Despite vehement opposition through e-mails and protests prior to his UF appearance, Dr. Jack Kevorkian was met with applause and cheers as he discussed criminal-system reform and what he deemed the most important U.S. amendment at the O'Connell Center on Tuesday night.
The speech was postponed for half an hour because the audience of roughly 5,000 people took longer than expected to pack themselves into the venue.
Kevorkian couldn't discuss euthanasia in detail because it would violate his parole terms, he told the audience. His lawyer looked on as he spoke.
But Kevorkian did mention assisted suicide's frequent and accepted use in ancient Greece and Rome.
"I think they were way ahead than we are now," he said.
Today, the government - not the medical community - decides which health practices are acceptable, he said.
"You can't dictate medical procedures by law," Kevorkian said. "They change all the time."
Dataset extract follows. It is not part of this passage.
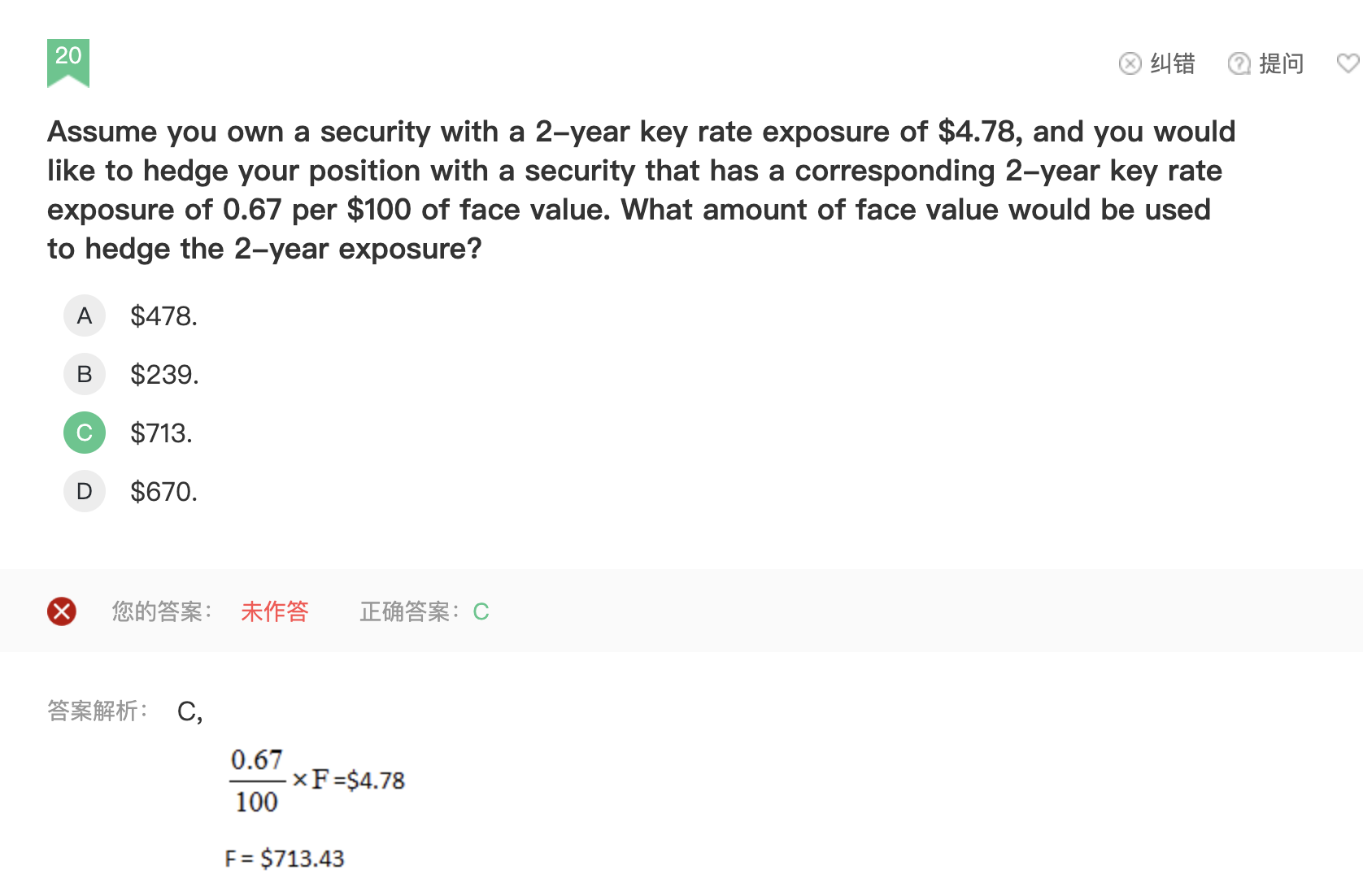 同学你好,假如对冲工具的面值是F,则F/100就是对冲合约的份数,0.67乘以合约的份数,就是对冲工具总的有效久期敞口,它应该等于头寸的总有效久期敞口。

He expressed his disapproval of the legal system, particularly punishment by imprisonment.
The United States needs a more humane legal system, he said.
He suggested a sanctuary system, in which a person accused of a crime is permitted to work out a deal with the victim and his family in private.
Imprisonment is a violent punishment, Kevorkian said, and "violence breeds counter-violence."
But he said the biggest problem with the law is its failure to follow the Ninth Amendment.
The amendment, authored by James Madison, the fourth American president, states that U.S. citizens have other rights not listed in the Constitution.
"All law can do is stop you from the right you have naturally," he said. "That amendment is the greatest power in the world."
Because the amendment is often ignored, society has become "tyrannized and sheep-like," Kevorkian added as he waved his fists in the air.
Not all of Kevorkian points were met with support. He evoked a mixture of applause and boos when he spoke out against the voting system.
"Everyone should refuse to vote," he said. "That'll send the tyrant a message."
Using the 2000 presidential election as an example, Kevorkian said presidents are not elected but, rather, appointed.
Black people are the only citizens in the United States with power, he said.
"They're acutely aware of their loss of rights," he said, using slavery as his prime example.
White people must learn to unite, Kevorkian added. When he was booed as he derided various aspects of the law, comparing the United States to Nazi Germany, Kevorkian echoed the sounds of booing into his microphone. At the end of his speech, the audience granted him a standing ovation.
During the question-and-answer session after his speech, Kevorkian said he helped kill about one out of every five patients who asked to die. The ones he turned away didn't show enough medical evidence to justify ending their lives, he said.
Katie Schweiss, an English senior and supporter of Kevorkian, said she was surprised at the speech.
"That was insane," Schweiss said, laughing. "It was not at all what I expected."
Kelly DeLucia, a UF business graduate student, said she's not a Kevorkian supporter, but she's not against his ideas either.
"It was interesting to try to understand his thought process and his belief system," DeLucia said.